### Exercise directions
When the line with "但新增就业数字少,其实并不是" appears below, start repeating lines exactly, and keep going through the line with "상품가 50% 환급 |"; add nothing outside that span.

-- Record excerpts follows --

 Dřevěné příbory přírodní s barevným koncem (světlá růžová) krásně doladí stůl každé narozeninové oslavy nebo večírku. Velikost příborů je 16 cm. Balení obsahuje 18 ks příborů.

-- Record excerpts concluded --
-- Record excerpts follows --

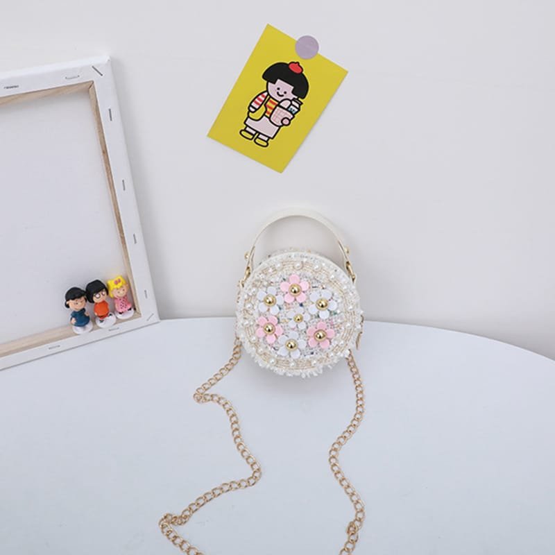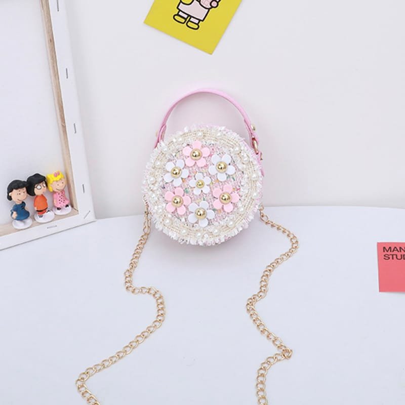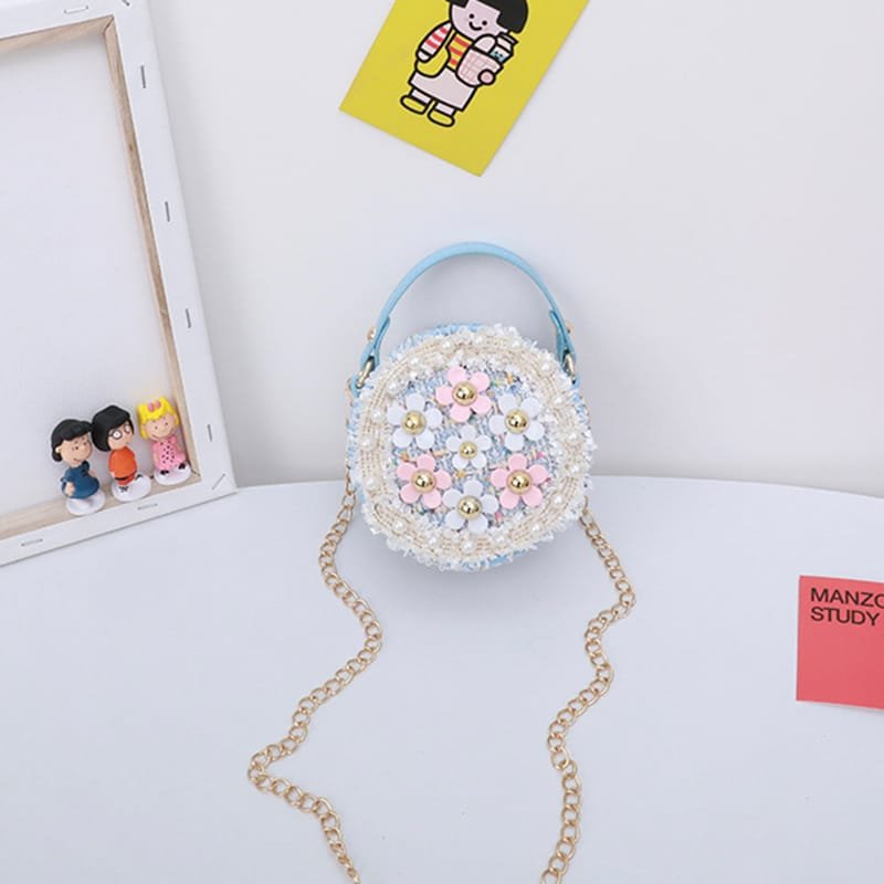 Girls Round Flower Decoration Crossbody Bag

-- Record excerpts concluded --
-- Record excerpts follows --

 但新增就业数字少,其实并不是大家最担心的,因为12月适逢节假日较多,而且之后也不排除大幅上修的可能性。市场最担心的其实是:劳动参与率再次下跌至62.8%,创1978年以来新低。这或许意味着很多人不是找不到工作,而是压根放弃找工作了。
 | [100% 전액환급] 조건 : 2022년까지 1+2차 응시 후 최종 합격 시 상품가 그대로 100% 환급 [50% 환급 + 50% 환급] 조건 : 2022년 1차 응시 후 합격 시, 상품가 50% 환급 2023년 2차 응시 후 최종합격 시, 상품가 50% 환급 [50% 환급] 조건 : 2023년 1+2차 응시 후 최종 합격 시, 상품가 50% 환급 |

-- Record excerpts concluded --

### Written response
 但新增就业数字少,其实并不是大家最担心的,因为12月适逢节假日较多,而且之后也不排除大幅上修的可能性。市场最担心的其实是:劳动参与率再次下跌至62.8%,创1978年以来新低。这或许意味着很多人不是找不到工作,而是压根放弃找工作了。
 | [100% 전액환급] 조건 : 2022년까지 1+2차 응시 후 최종 합격 시 상품가 그대로 100% 환급 [50% 환급 + 50% 환급] 조건 : 2022년 1차 응시 후 합격 시, 상품가 50% 환급 2023년 2차 응시 후 최종합격 시, 상품가 50% 환급 [50% 환급] 조건 : 2023년 1+2차 응시 후 최종 합격 시, 상품가 50% 환급 |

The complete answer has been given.